__What the task requires__. Copy out exactly the lines spanning the line with "Grå Esprit kåpe" to the line with "Eine Fülle von", inclusive, from the data underneath, with no pictures.

##### Record excerpts #####

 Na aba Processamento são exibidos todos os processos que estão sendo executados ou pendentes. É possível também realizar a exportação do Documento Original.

#####
##### Record excerpts #####

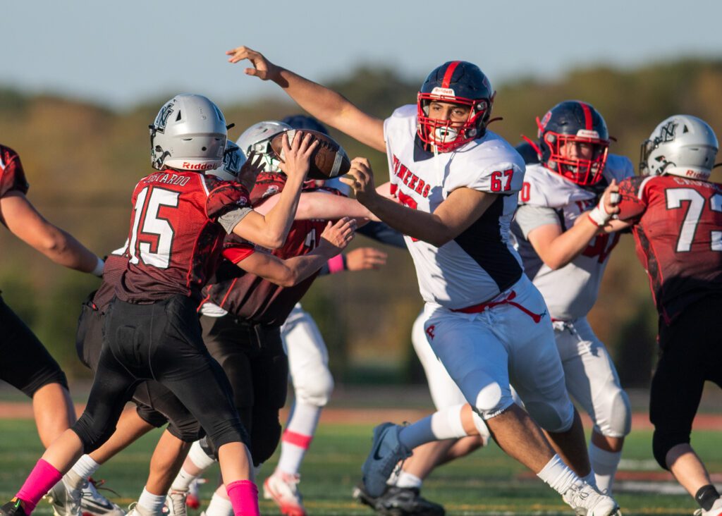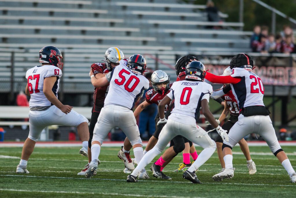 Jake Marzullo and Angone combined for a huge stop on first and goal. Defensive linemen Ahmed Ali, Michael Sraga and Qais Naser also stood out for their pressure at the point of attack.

#####
##### Record excerpts #####

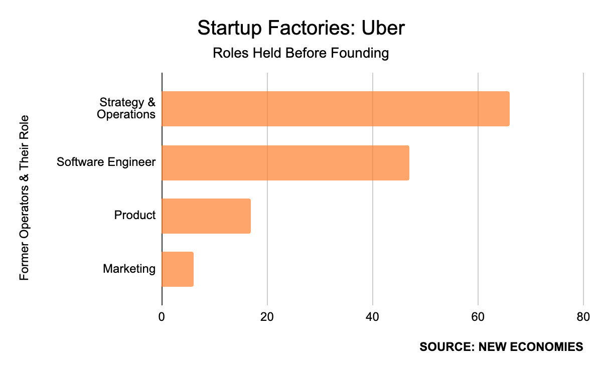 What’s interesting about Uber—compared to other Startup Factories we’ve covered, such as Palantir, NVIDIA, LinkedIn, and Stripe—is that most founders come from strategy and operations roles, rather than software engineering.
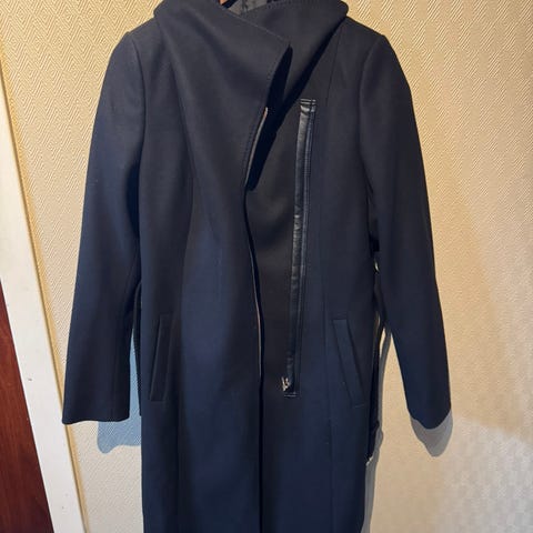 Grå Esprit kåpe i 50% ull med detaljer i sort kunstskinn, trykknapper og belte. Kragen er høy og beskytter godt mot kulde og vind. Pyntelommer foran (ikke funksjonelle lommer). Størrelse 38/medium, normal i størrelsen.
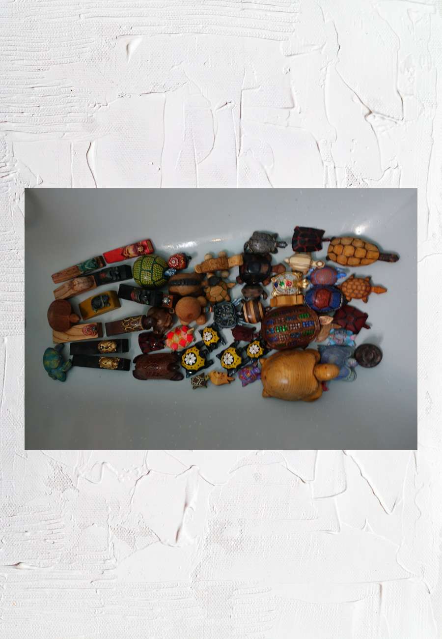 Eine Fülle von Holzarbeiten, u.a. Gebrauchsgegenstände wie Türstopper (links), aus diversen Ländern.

#####

__Written response__.
 Grå Esprit kåpe i 50% ull med detaljer i sort kunstskinn, trykknapper og belte. Kragen er høy og beskytter godt mot kulde og vind. Pyntelommer foran (ikke funksjonelle lommer). Størrelse 38/medium, normal i størrelsen.
 Eine Fülle von Holzarbeiten, u.a. Gebrauchsgegenstände wie Türstopper (links), aus diversen Ländern.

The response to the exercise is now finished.